[RayJob][Status][18/n] Control the entire lifecycle of the Kubernetes submitter Job using KubeRay #1831

kevin85421 · 2024-01-11T23:07:56Z

Why are these changes needed?

If users create a RayJob with a buggy entrypoint, causing the submitter K8s Job to consistently fail, it won't respect the ttlSecondsAfterFinished value set by users.

The submitter Job sends a request to the Ray head to create a Ray job. Due to the buggy entrypoint, the Ray job fails immediately, and KubeRay transitions the RayJob status to Complete. After ttlSecondsAfterFinished seconds following the transition of the RayJob to Complete, the RayCluster will be deleted.

The submitter K8s Job will retry 3 times by default. If the submitter Job attempts to send a request to the Ray head after the Ray head has been deleted, it will result in a request timeout and failure. I haven't figured out the exact timeout value, but based on my observation, it's around 1 to 2 minutes. Therefore, the K8s Job may be deleted after the RayCluster is deleted, typically within (x-1) * time_to_fail + n * timeout_seconds + ttlSecondsAfterFinished seconds.

x: The count of Ray jobs successfully submitted by KubeRay to the Ray head.
n: The count of attempts made by the K8s Job to submit the Ray job to the RayCluster when the Ray head is unavailable. Currently, n is less or equal to 2.

This PR decides not to use K8s Job's built-in ttlSecondsAfterFinished, but control the entire lifecycle of the K8s submitter Job by KubeRay.

Related issue number

Checks

I've made sure the tests are passing.
Testing Strategy
- Unit tests
- Manual tests
- This PR is not tested :(

I performed an experiment based on this gist.

entrypoint: python /home/ray/samples/sample_code_1.py => sample_code_1.py doesn't exist
ttlSecondsAfterFinished: 10

In my experiment, with x as 2 and n as 1, the K8s Job is deleted 150 seconds after the RayCluster is deleted.
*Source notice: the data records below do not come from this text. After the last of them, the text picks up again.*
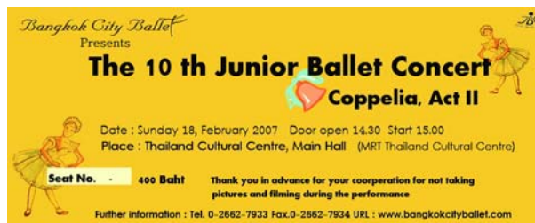
รูปที่ 4.4 ภาพบัตรชมการแสดงเรื่อง Coppelia

2.6.3 บัตรชมการแสดง เรื่อง The Sleeping Beauty จัดทำเป็นสี่ชมพู ซึ่งแสดงถึงเรื่องราวความรักที่แสนหวาน ซึ่งมีการออกแบบบัตรชมการแสดงเป็น 2 แบบ ที่มีสี เนื้อหาข้อความเหมือนกัน แบบแรกสื่อด้วยภาพการ์ตูนนางเอกที่เป็นเจ้าหญิงแสนสวย แบบที่สองมีภาพการเต้นรำของเจ้าหญิงและเจ้าชายซึ่งเป็นตัวแสดงเอกของเรื่อง
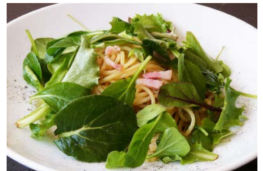
生パスタ 醤油&バター
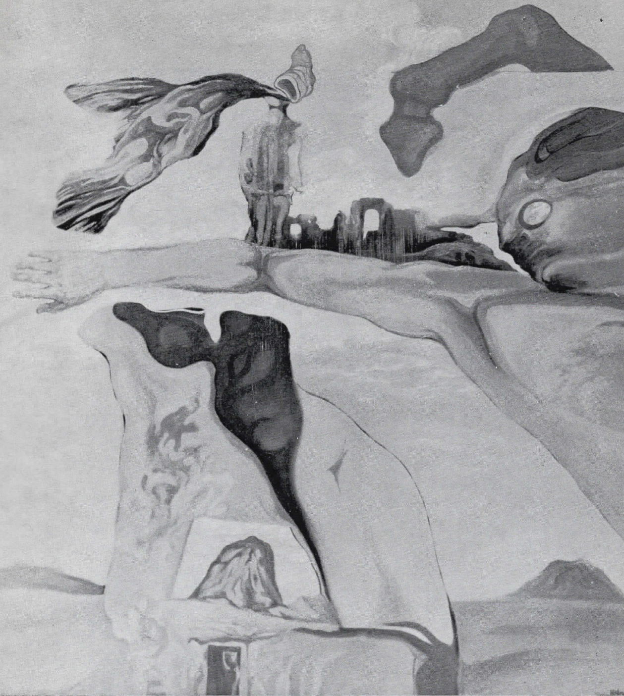
„ОСВОЈУВАЊЕ НА ВРЕМЕТО И ПРОСТОРОТ“ масло, 150x140, 1970
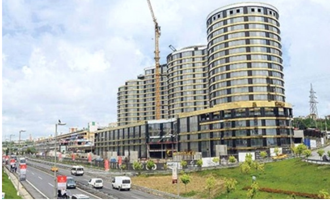
Görsel 10. Caprice Gold devremülk inşaatı, Bayrampaşa, İstanbul

grafik tasarımında reklamcılığın vazgeçilmez unsuru olarak kullanılan ve aynı zamanda pek çok sanatçının da çalışmalarında kullandığı neon malzemenin tüketim boyutuyla birebir örtüşen popüler odağı çalışmanın önemli bir özelliğini oluşturan doğal bir parçasıdır. Çalışmaya uzaktan bakıldığında görünen yazı ve ışık binayı devre dışı bırakarak sadece yazının görünür olmasını sağlamış tüketim kültürünün yanıltıcı ve etkileyici yanı vurgulamak istenmiştir. Ülkemizde de buna benzer bir cezbetme durumunu örnek verecek olursak İstanbul Bayrampaşa'da bulunan Caprice Gold adlı henüz tamamlanmayan devre mülk sisteminin önce dış cephesi tamamlanmış, alıcılar için cazip ve prestijli bir proje olarak lanse edilmiş fakat iç kısmı bitirilmemiştir (Görsel 10).
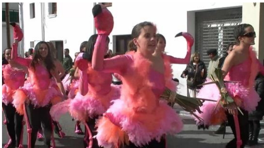
1. Van disfrazadas de...
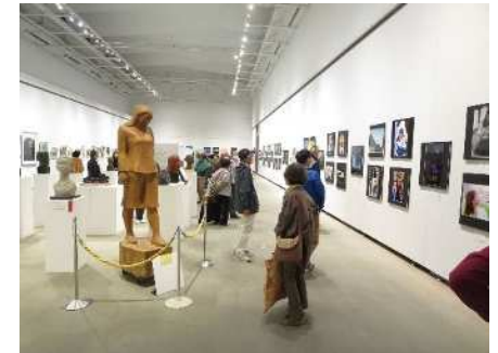
㊤秋葉区美術展覧会 10/15～23 267点が出品され、1,912人が観覧
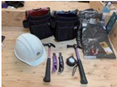
道具袋のプレゼント
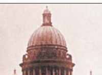
Также в коллекции представлены редкие материалы военной поры. Например, подлинный лист, в котором нашли отражение и социальная помощь, и духовная поддержка воевавших солдат.
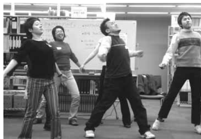
できる範囲でセクシーポーズ! みんなでやれば恥ずかしくない!!

後半では、リスクアセスメント、体操(ラジオ体操の音楽に合わせて激しくセクシー?に踊る)、コンドーム風船バレーボール(ボールに触る時にテーマの言葉を言う。例:セックスをしてみたい場所)などの参加型プログラムを実施しました。皆さんとても乗り気。さすが玄人です。バレーボールでは、参加者チームとぶ PEPチームで対決し、これまた熱い闘いが繰り広げられました。恥ずかしがる暇もなく楽しい雰囲気の中で性に関する言葉が飛び交うバレーボールは、なかなか好評だったようです。全体的にもプログラムに共感して下さる意見が多く、中には「いま日本でこれ以上のものを探すのは難しいくらいレベルが高い」とまで言ってくれた方もいます(言い過ぎ?でも超感激しました)。今回のようなプログラムを通して、一人でも多くの人にぶ PEPのコンセプトが広まっていけば良いと思います。(キャミー)
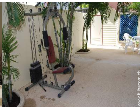
attrezzo(i) per il fitness
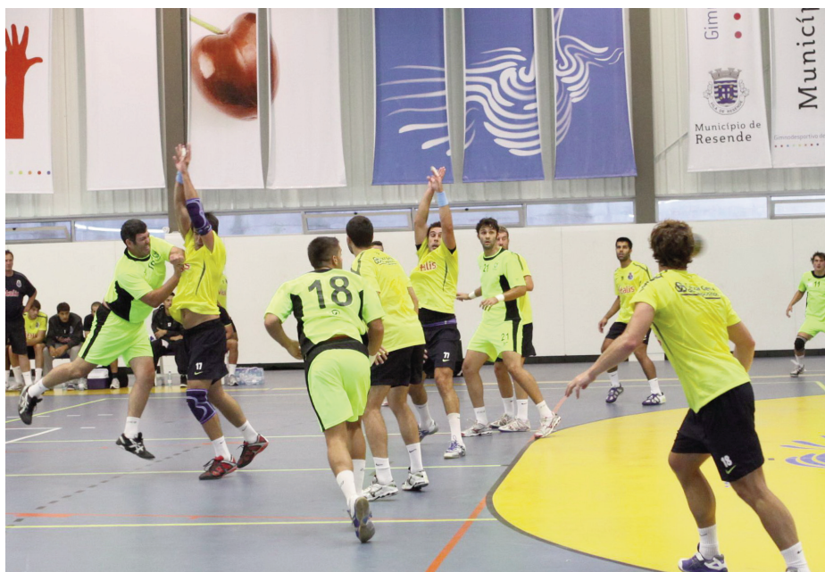
FC PORTO aproveitou estágio em Resende para realizar jogo-treino

kevin85421 · 2024-01-12T00:30:27Z

cc @andrewsykim

andrewsykim · 2024-01-12T01:47:16Z

ray-operator/controllers/ray/rayjob_controller.go

+		if !job.DeletionTimestamp.IsZero() {
+			r.Log.Info("The Job deletion is ongoing.", "RayJob", rayJobInstance.Name, "Submitter K8s Job", job.Name)
+		} else {
+			if err := r.Client.Delete(ctx, job, client.PropagationPolicy(metav1.DeletePropagationBackground)); err != nil {


For future consideration: since we are controlling the lifecycle of the submitter job, it might be worthwhile to allow users to tune the TTL of only the submitter job. This way you can keep the logs from the job around without having to keep the cluster around.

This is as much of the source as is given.